_Work to be completed_: Give again, word for word, the lines below that run from the line with "for Creative Double" through the line with "The A Ma Maniere". Drop the pictures.

_Records shown_:

☆ ☆ ☆ ☆ ☆

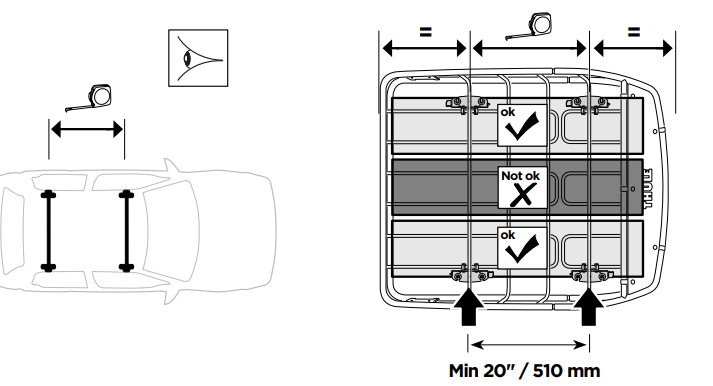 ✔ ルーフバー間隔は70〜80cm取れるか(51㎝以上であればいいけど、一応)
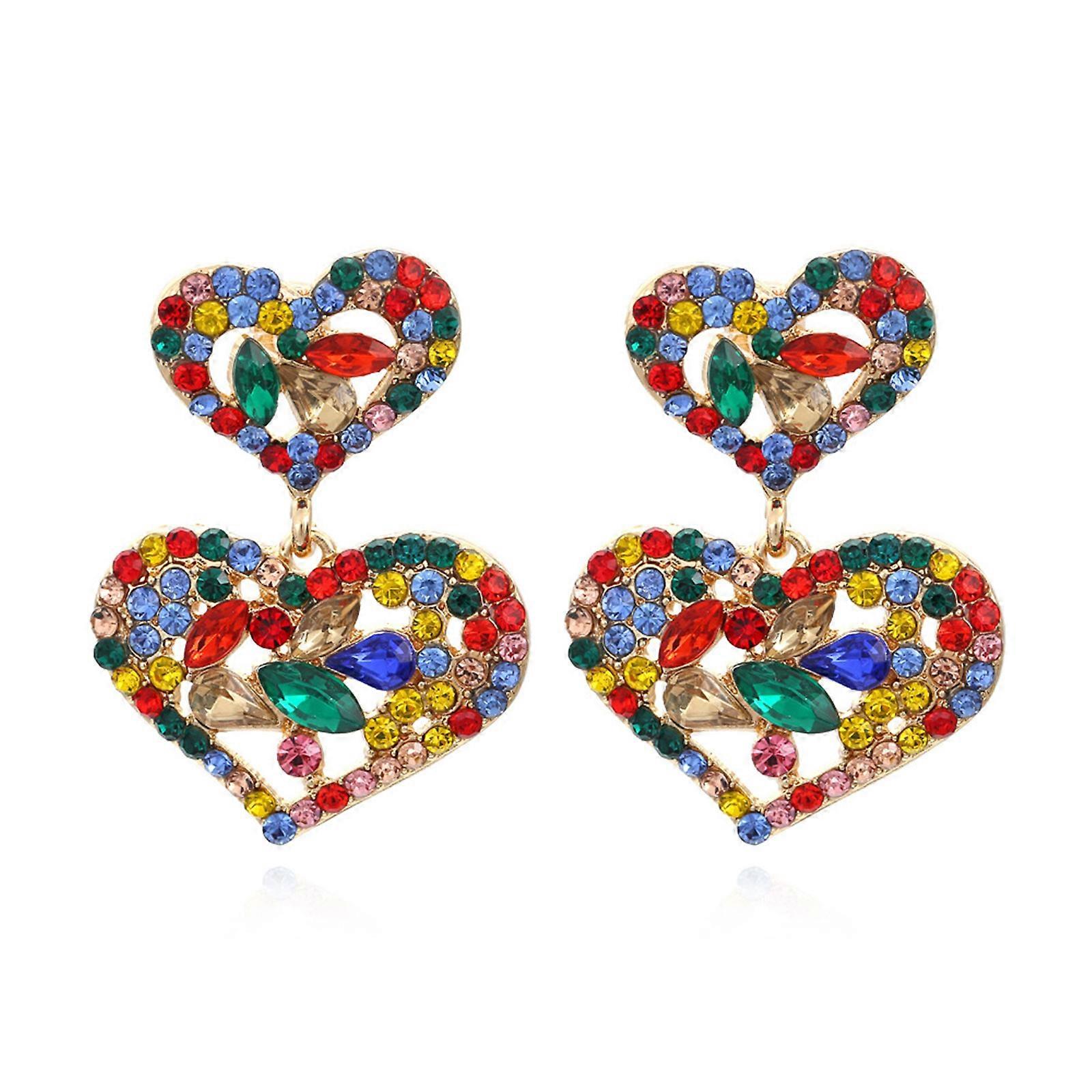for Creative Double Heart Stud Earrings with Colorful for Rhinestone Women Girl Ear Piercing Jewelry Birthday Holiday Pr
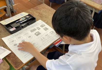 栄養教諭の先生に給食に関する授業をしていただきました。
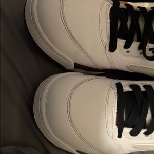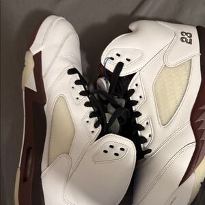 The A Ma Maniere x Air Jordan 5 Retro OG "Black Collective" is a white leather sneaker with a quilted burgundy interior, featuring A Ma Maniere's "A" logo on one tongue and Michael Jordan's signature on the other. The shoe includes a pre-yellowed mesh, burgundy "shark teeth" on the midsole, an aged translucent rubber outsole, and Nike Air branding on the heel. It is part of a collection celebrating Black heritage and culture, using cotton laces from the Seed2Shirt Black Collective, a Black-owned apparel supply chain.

☆ ☆ ☆ ☆ ☆

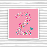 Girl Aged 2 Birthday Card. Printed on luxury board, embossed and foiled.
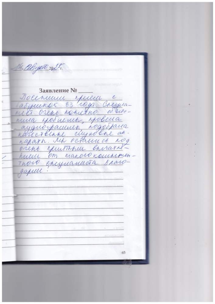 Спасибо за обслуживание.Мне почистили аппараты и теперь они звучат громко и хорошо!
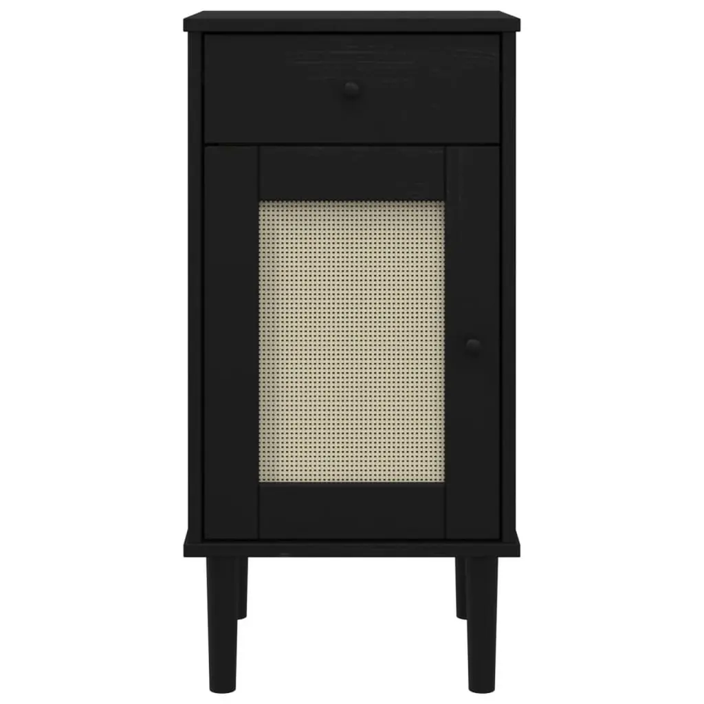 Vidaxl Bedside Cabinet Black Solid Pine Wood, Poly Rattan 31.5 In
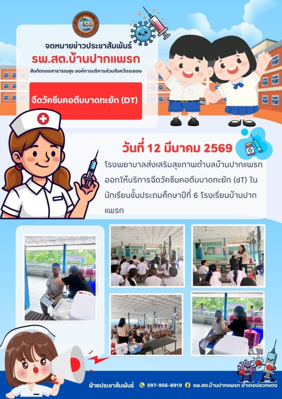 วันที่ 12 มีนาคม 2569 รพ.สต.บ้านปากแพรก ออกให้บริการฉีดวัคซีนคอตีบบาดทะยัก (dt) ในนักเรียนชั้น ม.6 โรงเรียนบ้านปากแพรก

☆ ☆ ☆ ☆ ☆

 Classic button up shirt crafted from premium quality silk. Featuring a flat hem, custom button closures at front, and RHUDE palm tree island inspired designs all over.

☆ ☆ ☆ ☆ ☆

_Answer box_:
for Creative Double Heart Stud Earrings with Colorful for Rhinestone Women Girl Ear Piercing Jewelry Birthday Holiday Pr
 栄養教諭の先生に給食に関する授業をしていただきました。
 The A Ma Maniere x Air Jordan 5 Retro OG "Black Collective" is a white leather sneaker with a quilted burgundy interior, featuring A Ma Maniere's "A" logo on one tongue and Michael Jordan's signature on the other. The shoe includes a pre-yellowed mesh, burgundy "shark teeth" on the midsole, an aged translucent rubber outsole, and Nike Air branding on the heel. It is part of a collection celebrating Black heritage and culture, using cotton laces from the Seed2Shirt Black Collective, a Black-owned apparel supply chain.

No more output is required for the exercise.